The island is well stocked with kiwi, and one ambles across the path in front of us. In daylight. “The click of Ken’s camera shutter reverberates in the quiet, and she trundles away, unaware of the depth of our paralysed adoration,” I gushed.
I’ll remember my trip to Rakiura for as long as I live – except for one thing.
Southland District Council launched a $5 visitor levy to Rakiura on December 9, 2013. I must have paid it, although I have no memory of it.
It makes sense for an island with only 500 residents, who haven’t a hope of affording the facilities and maintenance needed for around 40,000 visitors a year.
The levy was made possible by a government Act in 2012, which lets the council collect a fee from visitors to Rakiura as long as it is spent on tourist facilities and services, and a broad instruction to mitigate their impact on the environment.
The levy has had no discernible effect on visitor numbers. After Southland District Council increased it from $5 to $10 in October 2023, visitor numbers rose by 20 percent the following year. In 2025 the council increased the levy to $15.
Most of the tax is collected from ‘approved operators’ who run the flight and ferry services.

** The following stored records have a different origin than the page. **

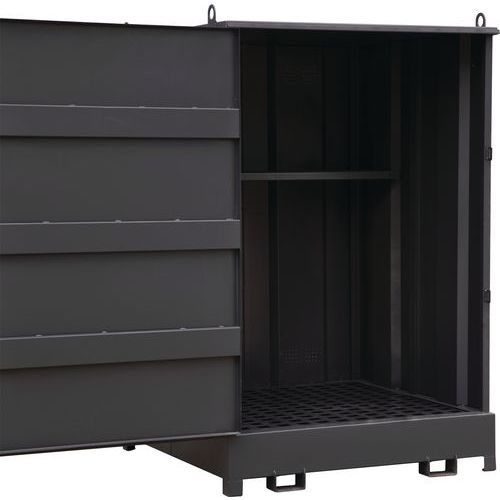 Robust design with heavy-duty doors and a 5-lever deadlock. Fully compliant with COSHH regulations for hazardous materials. Wide-opening doors and lift-up lid for easy access. Integrated spill pallet with large sump capacity. Fork skids for easy manoeuvrability. Raised removable floor for convenient cleaning and maintenance. Fits 2 to 4 205-litre drums. Customer warranty : 1 year
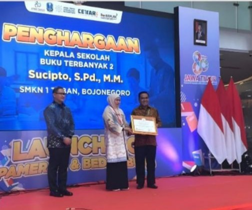 Surabaya,Rajawali1news.com – 4 Oktober 2025 SMKN 1 Tuban kembali meraih prestasi membanggakan ditingkat propinsi Jawa Timur Kepala sekolah SMKN 1 Tuban bapak Sucipto SPd M.M menerima penghargaan sebagai Kepala sekolah dengan buku terbanyak dalam acara Launching pameran dan pendidikan se-Jawa Timur Bedah buku karya insan yang telah digelar pada tanggal 3-5 Oktober 2025 di Atrium Grand City Mall Surabaya dalam rangka hari jadi propinsi Jawa Timur ke-80 tahun.
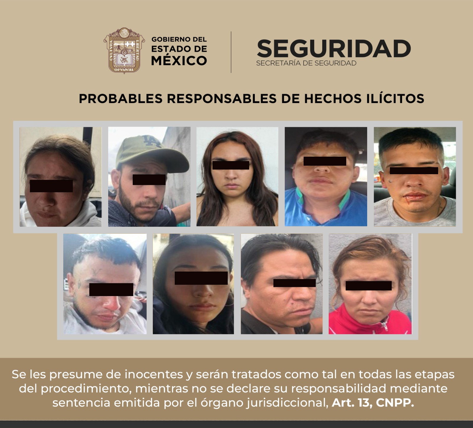 *Otzolotepec, Estado de México, 13 de octubre de 2025.-* En acciones distintas y derivado de trabajos de investigación en gabinete y en campo, elementos de la Unidad de Inteligencia e Investigación para la Prevención (UIIP) de la Secretaría de Seguridad del Estado de México (SSEM), la Marina (SEMAR), Defensa, Guardia Nacional (GN),Fiscalía General de Justicia del Estado de México (FGJEM) y de las Policías Municipales de Temoaya, Toluca y Otzolotepec detuvieron a nueve personas probables implicadas en los delitos de homicidio, secuestro, portación de arma de fuego y contra la salud, quienes además podrían ser integrantes de una organización delictiva.
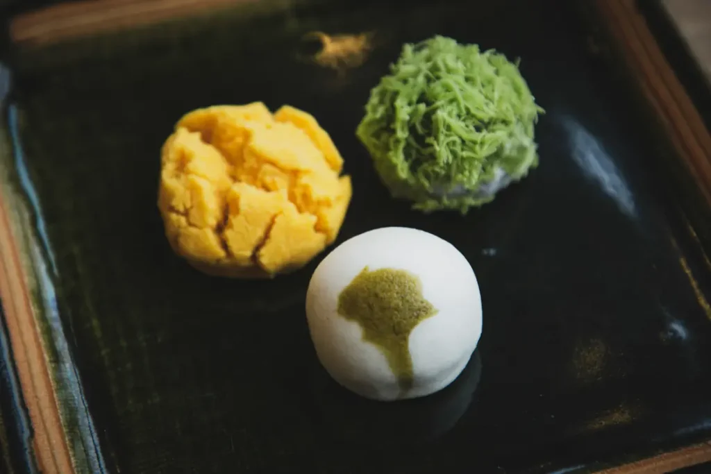 “Kimisigure” melts softly the moment it touches your tongue, with gentle sweetness and richness from egg yolk. “Wakakusa” combines smooth koshi-anko with chewy gyuhi, blending beautifully with a faint aroma of yuzu. “Oribe Manju” uses yam dough colored to resemble the glaze of Oribe-yaki pottery, favored by the tea master Furuta Oribe in the Momoyama period.
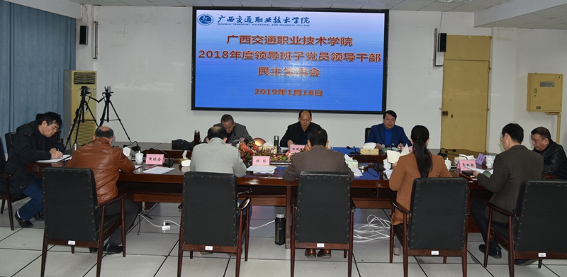 (党委工作部 讯 张丽梅/文 苏 江/图) 1月18日,学院在园湖校区图书馆四楼会议室召开2018年度领导班子党员领导干部民主生活会,会议由学院党委书记温宗胤主持。自治区交通运输厅党组成员、副厅长陆晓明,自治区交通运输厅直属机关党委专职副书记林奇茂,自治区交通运输厅科教处副处长张斯悦等领导全程参与指导。
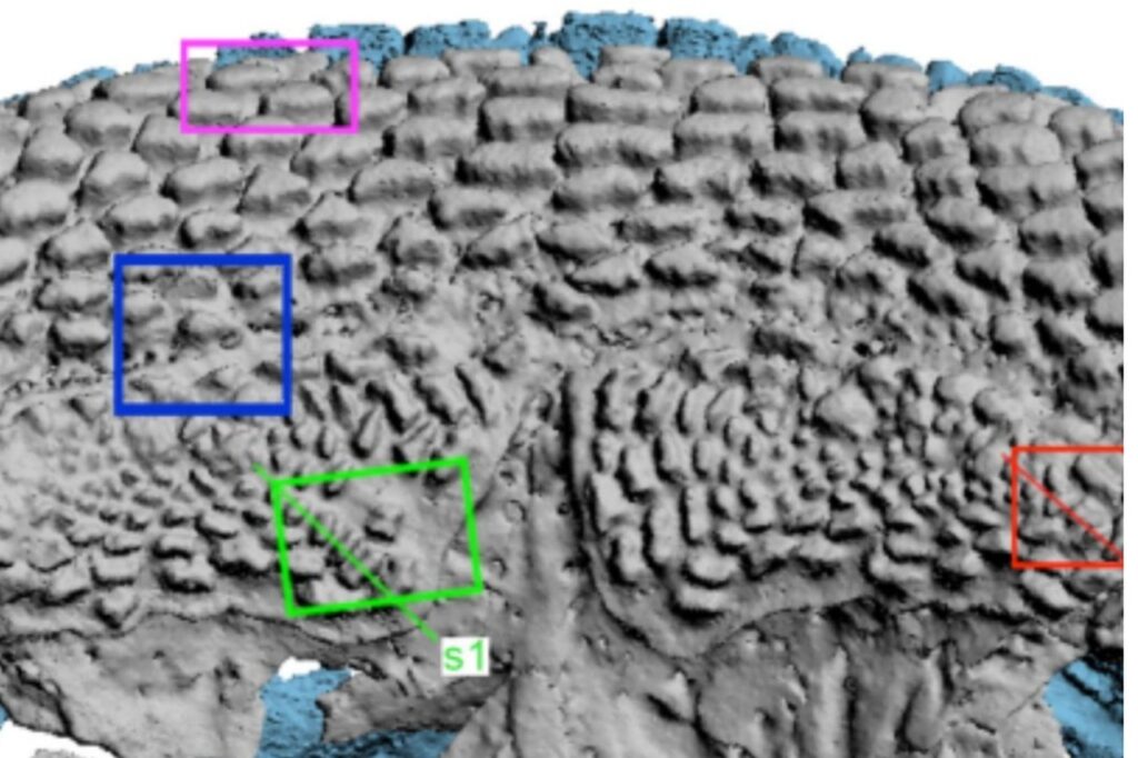 Hasil pemindaian mengungkap adanya odontodes, yaitu benjolan jaringan keras yang mengalami mineralisasi. Lapisan ini tumbuh bertahap dan bahkan dapat menutupi gigi yang rusak. Selain itu, ditemukan bercak mineral ekstra keras yang diduga berfungsi untuk membantu ikan menghancurkan mangsa bercangkang keras.

Anyone caught not paying can technically be fined $250, although the council doesn’t seem to have many fines.
A visitor levy seems inevitable for tourist hot spots like Waiheke and Great Barrier Island, and Greater Auckland transport blogger Patrick Reynolds is one of many to support the idea. “Tourism must give more than it takes,” he says. “Where that balance sits is for locals to decide.”
A locally administered, transparent, ring-fenced levy would give locals more power to fix things when they break.
As tourists poured through Oneroa this summer, they passed taped-off seating too rotten to sit on. Most of them would have thought nothing of contributing a few dollars to upgrade basic facilities like this. The money could also help fund lifesaving improvements to Waiheke’s dire cycleways and footpaths – improvements which will benefit everyone, not only visitors.
The devil is in the detail. Should other Aucklanders pay? Visiting school groups? Gold Card holders? Tangata whenua? And what about the administration fees? In Rakiura, around 25 percent of the levy funds go on ‘operational costs’.
Rakiura Islanders use a photo ID card to avoid paying the tourist fee. The list of exemptions include children under 18, visitors who stay at least 21 days, ratepayers, tenants and their partners and dependents, beneficiaries of the Rakiura Māori Land Trust or those with an ownership interest in a Māori land block, ship and boat owners and workers, and visitors who don’t leave the Rakiura National Park.
In Asia, tourist attractions are often priced differently for locals. In Europe and the US, an accommodation levy is the more common form of visitor levy – and Auckland mayor Wayne Brown loves the idea.
Room taxes around the world fulfil a wide range of local needs, from beautification drives to marketing campaigns. In the US, the highest room rates are in Chicago, where big downtown hotels agreed this year to a city council proposal to increase room taxes to an eyewatering 19 percent. The extra cash will be channelled to the city’s tourism promotion agency ‘Choose Chicago’, to fund an aggressive marketing campaign.
Because Chicago has a problem, and that problem is Donald Trump, who calls this great city (a Democratic stronghold), a “hellhole” and “the most dangerous city in the world”. (It isn’t).
It seems bizarre that the third-most populous city in the US has to tax its guests to fight the damaging sneers of its own president.
According to the Auckland Council, more than 900,000 visitors visit Waiheke every year. If even half of those visitors paid $2 each, it would mean as little to them as my Rakiura levy meant to me.